In the current pytorch example, all the parameters have to be pre-defined in the class init function or use existing nn.Module, like nn.Linear. However, this requires us to compute the parameters size correctly for the whole graph, which can be quite tedious and error prone when the model become complex.
Declare the parameters in the forward function seems to be a solution because the intermediate results are already known at that point, but the thing is this might make the parameters be declared every time we run the forward function.
Tensorflow solve this problem by proving a tf.get_variable function.
can we also add something like Module.get_parameter, which create a new parameter or return an existing one if it already exists in the Module.parameters?
def conv_relu(input):
# Create variable named "weights", its shape can be infered from input.
kernel_shape = (64, input.size()[0],3,3)
weights = nn.Module.get_parameter("weights", kernel_shape,
initializer='uniform')
conv = F.conv2d(input, weights)
return F.relu(conv)
You can create parameters in the forward function too. Just guard them with an if to prevent reassigning at every iteration:
class MyModule(nn.Module):
def __init__(self):
# you need to register the parameter names earlier
self.register_parameter('weight', None)
def forward(self, input):
if self.weight is None:
self.weight = nn.Parameter(torch.randn(input.size()))

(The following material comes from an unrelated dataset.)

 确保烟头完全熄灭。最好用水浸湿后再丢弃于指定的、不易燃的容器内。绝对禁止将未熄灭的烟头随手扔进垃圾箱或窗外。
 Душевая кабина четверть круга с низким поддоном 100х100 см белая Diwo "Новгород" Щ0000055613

return self.weight @ input
In this way, model.cuda() which is usually called before forward() might not work properly. if one more if_else is added to check use_cuda, the code can be unnecessarily long.

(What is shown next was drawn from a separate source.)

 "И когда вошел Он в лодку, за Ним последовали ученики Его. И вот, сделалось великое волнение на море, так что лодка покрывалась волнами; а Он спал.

class MyModule(nn.Module):
def __init__(self):
# you need to register the parameter names earlier
self.register_parameter('weight', None)
def reset_parameters(self, input):
self.weight = nn.Parameter(input.new(input.size()).normal_(0, 1))
def forward(self, input):
if self.weight is None:
self.reset_parameters(input)
return self.weight @ input
input.new will create a new tensor of the same type as input, and it will be placed on the same GPU as input.

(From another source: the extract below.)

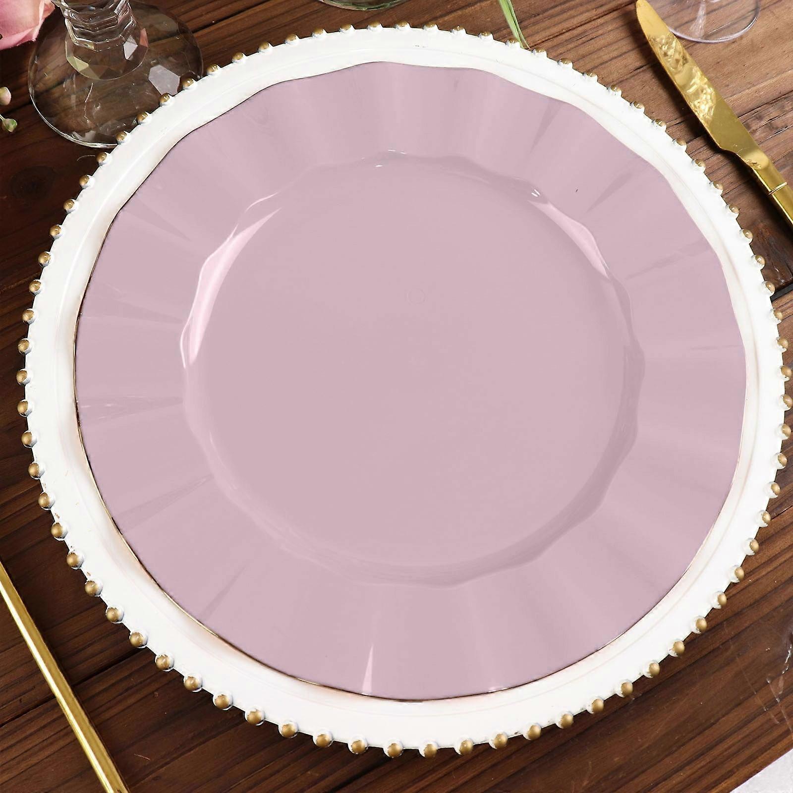Efavormart 10 Pack Lavender 11" Plastic Dinner Plates with Gold Wavy Rim, Disposable Tableware for Wedding, Outdoor Receptions

Thanks for your reply, but I didn’t get why would this help? It seems to me register_parameter just register a None parameter to the parameters list. How could model.cuda() affect a None parameter?
def cuda(self, device_id=None):
"""Moves all model parameters and buffers to the GPU.
Arguments:
device_id (int, optional): if specified, all parameters will be
copied to that device
"""
self._cuda = Ture
self._device_id = device_id
return self._apply(lambda t: t.cuda(device_id))
def cpu(self, device_id=None):
"""Moves all model parameters and buffers to the CPU."""
self._cuda = False
return self._apply(lambda t: t.cpu())
def get_parameter(self, name, shape):
if not name in self._parameters.keys():
self._parameters[name] = nn.Parameter(torch.randn(shape))
var = self._parameters[name]
fn = lambda t: t.cuda(self._device_id) if self._cuda else lambda t: t.cpu()
var.data = fn(var.data)
if var.grad is not None:
var.grad.data = fn(var.grad.data)
return var
model.cuda() won’t affect it, unless it has be reassigned. However, if you call model.cuda() and then forward a CUDA input, input.new will allocate a CUDA tensor, so the types will always match. I find that solution simpler and more robust than what you proposed. Doesn’t it work for you?
I wonder how we are supposed to use registered variables in optimizers (e.g. SGD). .parameters() call does not return None parameters, so if you want to register parameter it in advance, you can create optimizer only after first forward pass?
I also have another question.If I use register_parameter to register a parameter.This parameter will update automatically when the training step is run.
If I only want to have a parameter that is just dynamic and don’t need to be updated.How can i implement it.For example:
self.title_conv = nn.Sequential(
nn.Conv1d(),
nn.ReLU(),
# the kernel_size is changed because the input's length of conv layer is Changeable.
# Therefore, kernel_size was computed in forward function.
# Then i want pass it to maxpool layer.How can I implement it?
nn.MaxPool1d(kernel_size=)
)
Here’s another way that seems to work. Like your example with register_parameter, a forward pass is required before initializing the optimizer. Do you see any clear advantages or disadvantages?
class DynamicLinear(nn.Module):
def __init__(self, output_dim):
super(DynamicLinear, self).__init__()
self.output_dim = output_dim
def forward(self, inputs):
if not hasattr(self, '_linear'):
input_dim = inputs.shape[-1]
self._linear = nn.Linear(input_dim, self.output_dim)
return self._linear(inputs)
Apologies for reviving this, I’m looking to do precisely this but it seems this no longer works. It seems from the current documentation for register_parameter() that for its second argument, " If None , the parameter is not included in the module’s state_dict.".
I think the above therefore results in the parameter not being found in the .parameters() method when an object is instantiated from this class.
Instead of using None as the second argument to register_parameter() I could use nn.Parameter(), but then then not sure how to check if a parameter is uninitialised, so that I can write the correct if statement in the forward() method to avoid resetting the parameter at each iteration.
What is the up-to-date way to do this?
(Apologies if I am mistaken and have the wrong end of the stick here).